She Got Dumped Because She Said No To A Threesome?

Oct 1, 2021 by Coach Corey Wayne
Photo by iStock.com/Prostock-Studio

Why relationships end when a couple’s goals and values are not aligned.

In this video coaching newsletter, I discuss an email from a twenty-two year old woman who moved in with her thirty-two year old boyfriend shortly after they started dating because it just felt right to her, despite the objections of her parents. After four months of long-distance dating, he came back home and wanted her to engage in threesomes with other women and him. She told him maybe later on down the road, once they focused more on their own relationship.

He told her a few days later that he needed a break. She is confused and upset that this happened so suddenly. My comments are in bold italics like this below in the body of her email.

She Got Dumped Because She Said No To A Threesome?

Obviously, she’s pretty hurt and upset because she’s just thinking, “What the hell? You’re breaking up with me because I won’t have a threesome?” So, this brings up a really interesting topic. They moved in right away before they knew each other, and also the importance of making sure your goals and values are aligned before you do anything serious or any kind of serious commitments, moving in, buying houses together, cars together, going into business together, things of that nature.

People just get in a rush. And with her being twenty-two, she probably doesn’t have a ton of experience in these kinds of matters, and she’s just going off of what “feels right.” And her parents, who obviously are older and wiser, are like, “Yeah, you should probably slow your role on that, honey. Probably not a good idea.” But, you know, who listens their parents when they’re young?

Viewer’s Email:

Hi Coach!

I recently went through a breakup out of the blue with the man I thought there was a great chance I’d end up with.

Well, this is where dating fantasy meets reality.

We are 10 years apart, (me – 22, him – 32), and moved in together quickly as I had a lease ending, and we loved being around each other so why not, right? We had too much in common, it just felt right.

Remember, human beings, we make our purchasing decisions, and in this case relationship choices, based on our emotions, and then we use logic and reason to justify our decision.

My family voiced their concerns, to which he responded, “when you know, you know.” What’s the worst that could happen? 

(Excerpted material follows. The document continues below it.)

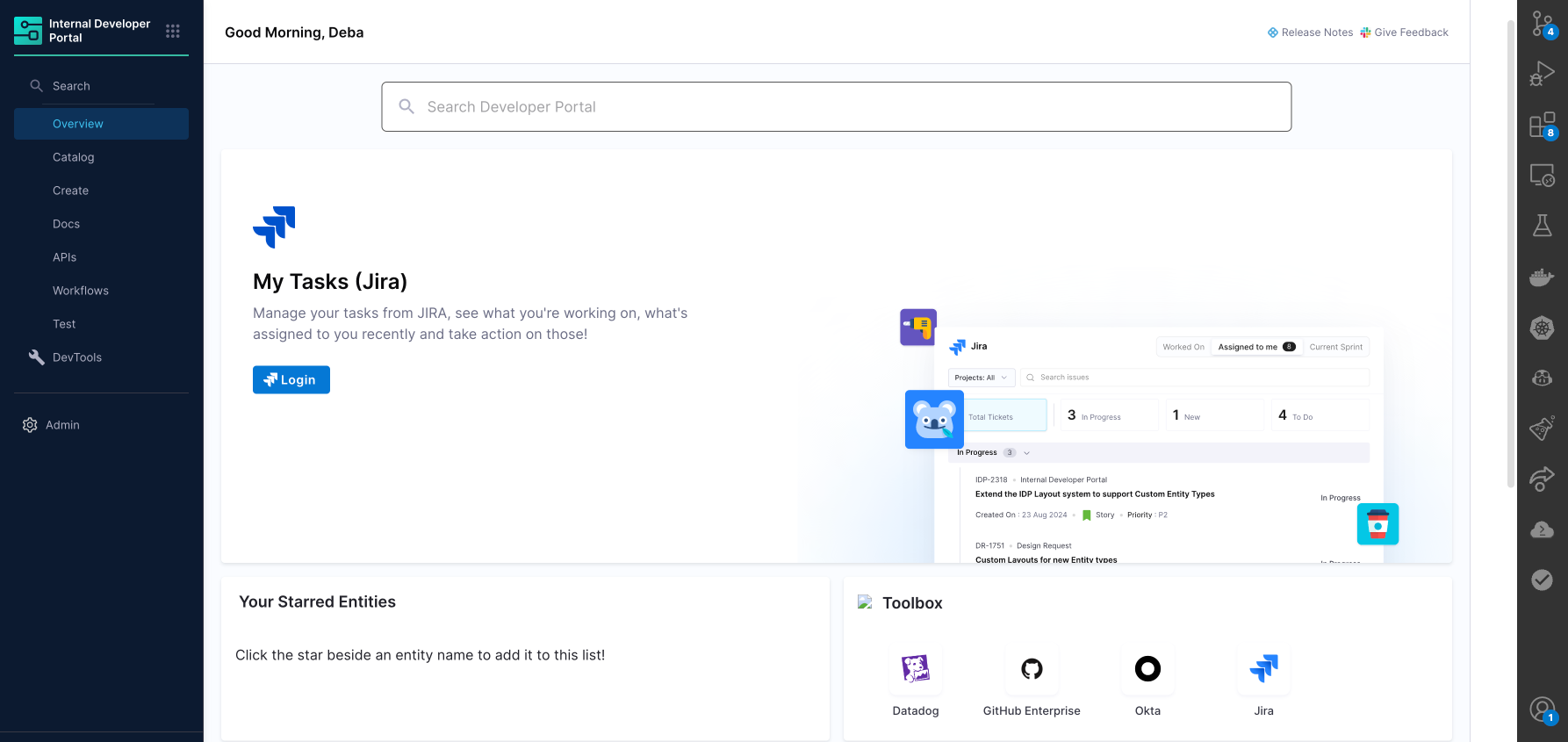 - Starred Entities: Your Starred Components, Workflows or TechDocs are displayed here.

Photo by iStock.com/SDI Productions

The breakup? Heartbreak? He comes home and wants to have threesomes after four months away? You didn’t really know each other. You only move in together once you are certain your goals and values are aligned. Just like the quote says,

“People can hide who they are for about the first ninety days of a relationship. That’s one of the many reasons why people should take their time dating for a year or more before living together and committing to any serious financial or business entanglements. Otherwise, people open themselves up to unnecessary and avoidable problems, drama and heartbreak when they’re unreasonable and projected dating fantasy meets reality. Major commitments should only be made when all parties involved share the same goals and values.”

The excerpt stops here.